* REQUIRED WORK *
What you return should be the full listing, copied exactly and stripped of its pictures.

* SUPPLIED DATA *

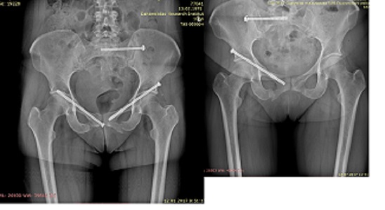 Доброго времени суток! Сочетанная травма в результате ДТП от 15.12.16., закрытая травма таза с ротационно-нестабильным повреждением тазового кольца, переломы обеих лонных, седалищных костей, трансфораминальный перелом боковой массы крестца слева. 46 лет, врач педиатр, производственная травма при выезде к пациенту, пассажир. На КТ от 24.07.17. полной консолидации в крестце ниже винта нет. Извиняюсь за качество снимков, первый от 12.01.17., второй от 18.07.17. С уважением. < | >
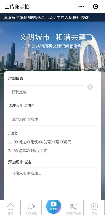 发现错误的英语标识,市民可拿起手机拍下图片/视频,上传到“广州公共场所英文标识”小程序。具体操作如下:长按识别二维码(或微信搜索“广州公共场所英文标识”小程序),进入小程序;点击首页“随手拍”,根据提示填写信息、上传图片或视频。
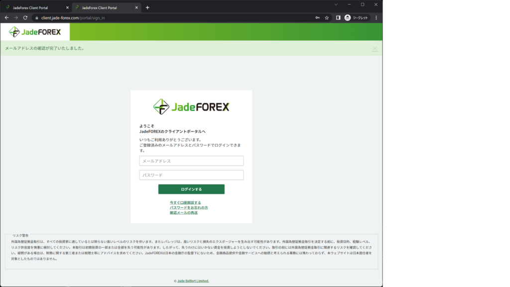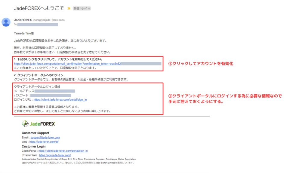 「JadeFOREXへようこそ」というメールが届いていますので、確認してみましょう。
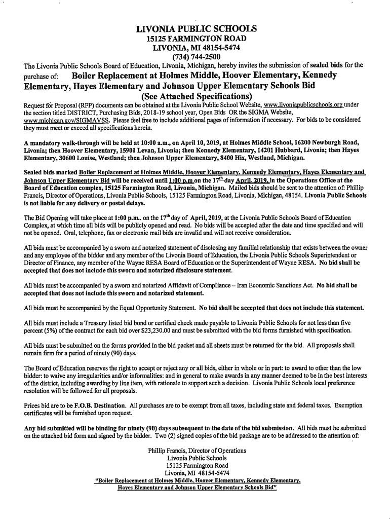 The Livonia Public Schools Board of Education, Livonia, Michigan, hereby invites the submission of sealed bids for

* SOLVED PROBLEM *
 Доброго времени суток! Сочетанная травма в результате ДТП от 15.12.16., закрытая травма таза с ротационно-нестабильным повреждением тазового кольца, переломы обеих лонных, седалищных костей, трансфораминальный перелом боковой массы крестца слева. 46 лет, врач педиатр, производственная травма при выезде к пациенту, пассажир. На КТ от 24.07.17. полной консолидации в крестце ниже винта нет. Извиняюсь за качество снимков, первый от 12.01.17., второй от 18.07.17. С уважением. < | >
 发现错误的英语标识,市民可拿起手机拍下图片/视频,上传到“广州公共场所英文标识”小程序。具体操作如下:长按识别二维码(或微信搜索“广州公共场所英文标识”小程序),进入小程序;点击首页“随手拍”,根据提示填写信息、上传图片或视频。
 「JadeFOREXへようこそ」というメールが届いていますので、確認してみましょう。
 The Livonia Public Schools Board of Education, Livonia, Michigan, hereby invites the submission of sealed bids for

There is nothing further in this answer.